> _REQUIRED ACTION_: Filter the data for lines with the word "performance" and copy those lines.

> _DATASET RECORDS_:
__________
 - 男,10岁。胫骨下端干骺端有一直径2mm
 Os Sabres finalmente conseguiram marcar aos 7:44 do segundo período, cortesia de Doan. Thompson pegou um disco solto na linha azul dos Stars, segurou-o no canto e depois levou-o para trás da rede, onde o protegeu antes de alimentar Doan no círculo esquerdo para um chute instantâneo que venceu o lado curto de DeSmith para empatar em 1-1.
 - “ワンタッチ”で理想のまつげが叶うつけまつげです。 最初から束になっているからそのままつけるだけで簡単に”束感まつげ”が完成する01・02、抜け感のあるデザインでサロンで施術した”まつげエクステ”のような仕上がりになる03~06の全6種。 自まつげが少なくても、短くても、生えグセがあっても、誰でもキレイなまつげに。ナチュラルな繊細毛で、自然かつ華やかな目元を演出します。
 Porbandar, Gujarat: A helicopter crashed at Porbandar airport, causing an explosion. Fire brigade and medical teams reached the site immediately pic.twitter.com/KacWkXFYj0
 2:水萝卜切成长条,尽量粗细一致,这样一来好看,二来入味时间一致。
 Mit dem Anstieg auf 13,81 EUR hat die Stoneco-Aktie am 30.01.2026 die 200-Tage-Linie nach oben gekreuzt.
__________
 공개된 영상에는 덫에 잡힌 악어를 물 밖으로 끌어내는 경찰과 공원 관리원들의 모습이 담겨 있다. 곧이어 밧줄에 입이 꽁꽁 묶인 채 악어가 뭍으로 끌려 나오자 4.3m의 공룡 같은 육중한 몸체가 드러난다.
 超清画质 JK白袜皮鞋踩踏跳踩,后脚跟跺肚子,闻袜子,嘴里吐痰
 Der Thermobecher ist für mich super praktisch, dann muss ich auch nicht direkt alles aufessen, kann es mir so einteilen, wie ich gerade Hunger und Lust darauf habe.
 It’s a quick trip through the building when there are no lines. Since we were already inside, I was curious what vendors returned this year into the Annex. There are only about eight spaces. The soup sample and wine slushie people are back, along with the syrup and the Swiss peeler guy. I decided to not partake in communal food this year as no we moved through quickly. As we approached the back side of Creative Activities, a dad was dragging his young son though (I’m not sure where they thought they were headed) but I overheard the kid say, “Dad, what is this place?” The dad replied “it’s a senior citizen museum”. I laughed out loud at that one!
__________
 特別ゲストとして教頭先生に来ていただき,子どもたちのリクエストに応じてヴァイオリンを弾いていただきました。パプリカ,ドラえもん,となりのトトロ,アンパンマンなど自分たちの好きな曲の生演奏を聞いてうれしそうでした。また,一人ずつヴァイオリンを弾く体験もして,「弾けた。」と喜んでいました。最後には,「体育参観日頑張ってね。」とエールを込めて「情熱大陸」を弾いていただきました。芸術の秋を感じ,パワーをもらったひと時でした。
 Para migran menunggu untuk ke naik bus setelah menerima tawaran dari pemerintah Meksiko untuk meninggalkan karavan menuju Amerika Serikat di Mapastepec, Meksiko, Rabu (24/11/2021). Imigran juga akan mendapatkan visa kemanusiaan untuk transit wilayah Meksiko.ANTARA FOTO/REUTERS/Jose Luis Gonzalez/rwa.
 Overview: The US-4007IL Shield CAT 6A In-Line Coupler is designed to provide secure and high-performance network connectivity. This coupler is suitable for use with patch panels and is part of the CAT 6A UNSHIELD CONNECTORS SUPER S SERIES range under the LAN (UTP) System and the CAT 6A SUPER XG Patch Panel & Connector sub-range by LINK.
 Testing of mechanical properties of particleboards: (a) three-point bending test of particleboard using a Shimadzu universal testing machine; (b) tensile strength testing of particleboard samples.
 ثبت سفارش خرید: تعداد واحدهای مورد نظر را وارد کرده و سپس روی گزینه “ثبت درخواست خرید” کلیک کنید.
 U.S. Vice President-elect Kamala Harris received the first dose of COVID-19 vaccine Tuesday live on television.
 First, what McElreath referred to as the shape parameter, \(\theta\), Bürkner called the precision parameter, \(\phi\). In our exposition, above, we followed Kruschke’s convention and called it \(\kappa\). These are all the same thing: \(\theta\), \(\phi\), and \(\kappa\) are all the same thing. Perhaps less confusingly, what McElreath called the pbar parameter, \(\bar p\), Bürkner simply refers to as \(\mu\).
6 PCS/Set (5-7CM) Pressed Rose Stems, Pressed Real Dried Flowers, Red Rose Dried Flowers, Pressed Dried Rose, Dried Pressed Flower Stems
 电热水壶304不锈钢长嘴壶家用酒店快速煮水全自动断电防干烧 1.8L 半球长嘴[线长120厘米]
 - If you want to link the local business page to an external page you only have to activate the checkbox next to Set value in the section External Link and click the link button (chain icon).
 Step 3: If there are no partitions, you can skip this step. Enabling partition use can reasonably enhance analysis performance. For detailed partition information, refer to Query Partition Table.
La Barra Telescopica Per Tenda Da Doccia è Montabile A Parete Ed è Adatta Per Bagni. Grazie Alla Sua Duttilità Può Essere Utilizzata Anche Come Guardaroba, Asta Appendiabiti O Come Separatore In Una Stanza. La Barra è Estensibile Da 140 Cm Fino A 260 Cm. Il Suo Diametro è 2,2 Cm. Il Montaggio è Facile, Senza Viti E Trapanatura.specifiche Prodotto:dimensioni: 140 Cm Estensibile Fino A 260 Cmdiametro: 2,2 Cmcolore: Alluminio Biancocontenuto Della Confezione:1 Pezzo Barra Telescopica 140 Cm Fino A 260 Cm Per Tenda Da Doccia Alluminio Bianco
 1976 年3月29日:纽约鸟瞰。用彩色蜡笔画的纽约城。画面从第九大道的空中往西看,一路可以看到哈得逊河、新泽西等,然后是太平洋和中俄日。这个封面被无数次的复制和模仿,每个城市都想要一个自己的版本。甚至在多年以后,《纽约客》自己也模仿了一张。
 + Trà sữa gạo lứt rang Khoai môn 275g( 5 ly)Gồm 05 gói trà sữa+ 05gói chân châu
__________
> _TASK SOLUTION_:
 Overview: The US-4007IL Shield CAT 6A In-Line Coupler is designed to provide secure and high-performance network connectivity. This coupler is suitable for use with patch panels and is part of the CAT 6A UNSHIELD CONNECTORS SUPER S SERIES range under the LAN (UTP) System and the CAT 6A SUPER XG Patch Panel & Connector sub-range by LINK.
 Step 3: If there are no partitions, you can skip this step. Enabling partition use can reasonably enhance analysis performance. For detailed partition information, refer to Query Partition Table.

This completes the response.